In Taikun OCP we use TPM2 tools to strengthen the security infrastructure. The Trusted Platform Module 2.0 (TPM2) plays a central role in ensuring the integrity and confidentiality of sensitive data within our ecosystem.

Description

tpm2(1) – Simplifying the installation process of tpm2-tools in initrd or embedded systems where optimizing size and managing limited resources are crucial. This means that a unified executable is available that is capable of executing various TPM2 functions based on the specified argument corresponding to one of the available tool names.
Subsequent options and arguments either pertain to common options or are specific to the chosen tool name.
It’s important that individual tools prefixed with ‘tpm2_’ remain callable, but they are now symbolically linked to the ‘tpm2’ executable. Therefore, unlike BusyBox, the executable offers the individual tools’ complete functionality. For instance, ‘tpm2_getrandom 8’ can alternatively be invoked as ‘tpm2.

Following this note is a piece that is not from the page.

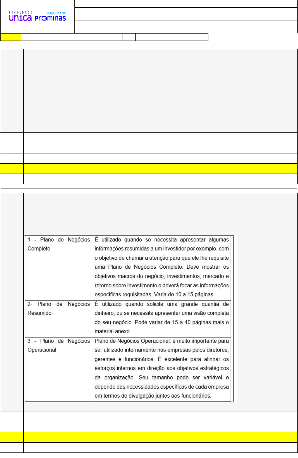 <p>24/03/2024 22:23:55 1/3</p><p>REVISÃO DE SIMULADO</p><p>Nome:</p><p>JOSÉ AUGUSTO SANTIAGO</p><p>Disciplina:</p><p>Análise de Viabilidade de Negócios</p><p>Respostas corretas são marcadas em amarelo X Respostas marcardas por você.</p><p>Questão</p><p>001 O Sumário Executivo é a principal seção do seu Plano de Negócio.</p><p>I - Através do Sumário Executivo é que o leitor decidirá se continuará ou não a ler o seu</p><p>Plano de Negócios. Portanto, deve ser escrito com muita atenção, revisado várias vezes</p><p>e conter uma síntese das principais informações que constam em seu Plano de</p><p>Negócios.</p><p>II – No sumário executivo deve-se explicitar qual o objetivo do Plano de Negócios e se o</p><p>projeto é viável ou não.</p><p>III - O Sumário Executivo deve ser a última seção a ser escrita, pois depende de todas</p><p>as outras seções do plano para ser feita.</p><p>É correto o que se afirma em:</p><p>A) I e II, apenas.</p><p>B) II e III, apenas</p><p>C) I, apenas.</p><p>X D) I, II, III.</p><p>E) II, apenas.</p><p>Questão</p><p>002 Independentemente do tamanho e segmento da empresa a estrutura apresentada para</p><p>se montar o Plano de Negócios é praticamente a mesma, sendo necessário algumas</p><p>adaptações, o importante é você saber como e onde quer chegar. Um plano de</p><p>negócios pode ser feito de forma resumida, completa ou operacional. Associe a primeira</p><p>coluna de acordo com a segunda:</p><p>A sequência correta será:</p><p>A) 3, 2, 1.</p><p>B) 1, 3, 2.</p><p>X C) 2, 1, 3.</p><p>D) 3, 1, 2.</p><p>24/03/2024 22:23:55 2/3</p><p>E) 1, 2, 3.</p><p>Questão</p><p>003 Na elaboração das vantagens competitivas, o plano de negócios deverá responder as</p><p>seguintes questões:</p><p>I - Por que os seus clientes escolherão o seu produto em relação a outros disponíveis no</p><p>mercado.</p><p>II - Seu produto beneficiará seus clientes mais do que aqueles atualmente utilizados por</p><p>eles?</p><p>III - Caso conclua que a superioridade está nos produtos dos concorrentes, cite as</p><p>modificações que serão feitas para reverter este quadro.</p><p>É correto o que se afirma em:</p><p>A) I e II, apenas.</p><p>X B) I, II e III.</p><p>C) II, apenas.</p><p>D) III, apenas.</p><p>E) I, apenas.</p><p>Questão</p><p>004 A respeito do sumário executivo do plano de negócios, marque V ou F nas alternativas a</p><p>seguir:</p><p>( ) O sumário executivo é a principal seção do plano de negócios, pois fará o leitor</p><p>decidir se continuará ou não a ler o documento.</p><p>( ) Deve ser escrito com muita atenção e revisado várias vezes, além de conter uma</p><p>síntese das principais informações que constam do plano de negócios.</p><p>( )O sumário executivo deverá vir ao final do plano de negócios junto com o parecer</p><p>final.</p><p>( ) Se ele estiver mal redigido ou não tiver os objetivos do plano de negócios claramente</p><p>definidos, desmotivará o leitor a prosseguir na leitura.</p><p>( ) O sumário executivo deve mencionar: montante do capital investido, faturamento</p><p>mensal, quanto tempo o capital investido irá retornar, análise da concorrência, um</p><p>resumo da análise SWOT e do planejamento estratégico.</p><p>A sequência correta será:</p><p>A) V, F, V, F, V.</p><p>B) F, V, V, F, V.</p><p>X C) V, V, F, V, F.</p><p>D) F, V, F, F, V.</p><p>E) V, V, V, F, F.</p><p>Questão</p><p>005 Um plano de negócio pode ser usado para se conseguir novos sócios e investidores,</p><p>para estabelecer parcerias com fornecedores e clientes ou mesmo para ser</p><p>apresentado a bancos para a solicitação de financiamentos. O plano de negócio do</p><p>empreendimento deve seguir cinco etapas em sua elaboração. A sequência correta</p><p>seria</p><p>A) Sumário Executivo, Plano de Marketing, Análise de mercado Plano Operacional e Plano</p><p>Financeiro.</p><p>B) Análise de mercado, Plano de Marketing, Plano Operacional e Plano Financeiro.</p><p>X C) Plano de Marketing, Análise de mercado, Plano Operacional e Plano Financeiro, Sumário</p><p>Executivo.</p><p>D) Plano Operacional e Plano Financeiro, Análise de mercado, Plano de Marketing, Sumário</p><p>Executivo.</p><p>24/03/2024 22:23:55 3/3</p><p>E) Sumário Executivo, Análise de mercado, Plano de Marketing, Plano Operacional e Plano</p><p>Financeiro, Sumário Executivo.</p><p>Questão</p><p>006 Hashimoto e Borges (2020), fazem algumas considerações sobre a política de preços:</p><p>I - O volume de vendas pode aumentar ou diminuir dependendo da política de preços,</p><p>consequentemente a receita total e a lucratividade também.</p><p>II - A participação no mercado varia em função das vendas e, portanto, também pode</p><p>ser influenciada pelo preço.</p><p>III - Baixo poder de barganha com clientes e fornecedores restringe a margem de</p><p>manobra de preços, o que leva à perda de competitividade.</p><p>É correto o que se afirma em:</p><p>A) I, apenas.</p><p>B) II, apenas.</p><p>X C) I, II e III.</p><p>D) III, apenas.</p><p>E) I e II, apenas.</p>

Enabling TPM functionality in Taikun OCP #

Enabling Trusted Platform Module (TPM) functionality in Taikun OCP involves several steps, including hardware configuration and software setup:

1. Ensure Hardware Support: Verify that the server hardware used for Taikun OCP is equipped with a TPM chip that supports TPM2.0. Most modern server hardware should include TPM support, but it’s essential to confirm compatibility.

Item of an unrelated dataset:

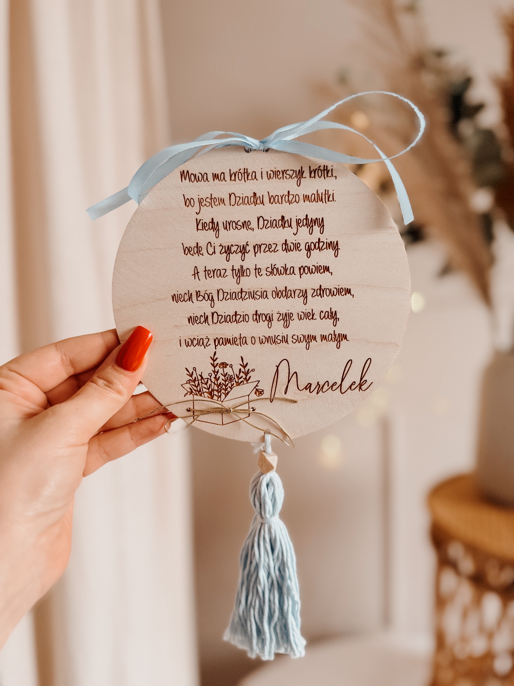 Personalizowana tabliczka na Dzień Dziadka, z wierszykiem oraz podpisem dziecka.

2. Enable TPM in BIOS/UEFI: Access the BIOS or UEFI settings of the server and enable TPM. The specific steps to do this vary depending on the server manufacturer and model. Look for options related to security or TPM in the BIOS/UEFI settings and ensure TPM is enabled.

3. Install Required Software Packages: Install the necessary software packages for TPM support in Taikun OCP. This may include TPM2-tools, which provide utilities and libraries for interacting with TPM devices.

4. Configure TPM in Taikun OCP: Once TPM support is enabled in the hardware and the required software packages are installed, configure Taikun OCP to utilize TPM. This typically involves setting up TPM-related options in the hypervisor configuration or management interface.

5. Verify TPM Functionality: After configuring TPM in Taikun OCP, verify that it is functioning correctly. This may involve running tests or commands provided by TPM2-tools to ensure that the TPM chip is detected and operational.

6. Integrate TPM Features: Depending on the specific use cases and security requirements, integrate TPM features into your virtualized environments running on Taikun OCP. This may include tasks such as enabling secure boot, attestation, key management, and encryption using TPM functionality.

By following these steps, you can enable TPM functionality in Taikun OCP, enhancing the security and integrity of your virtualized environments.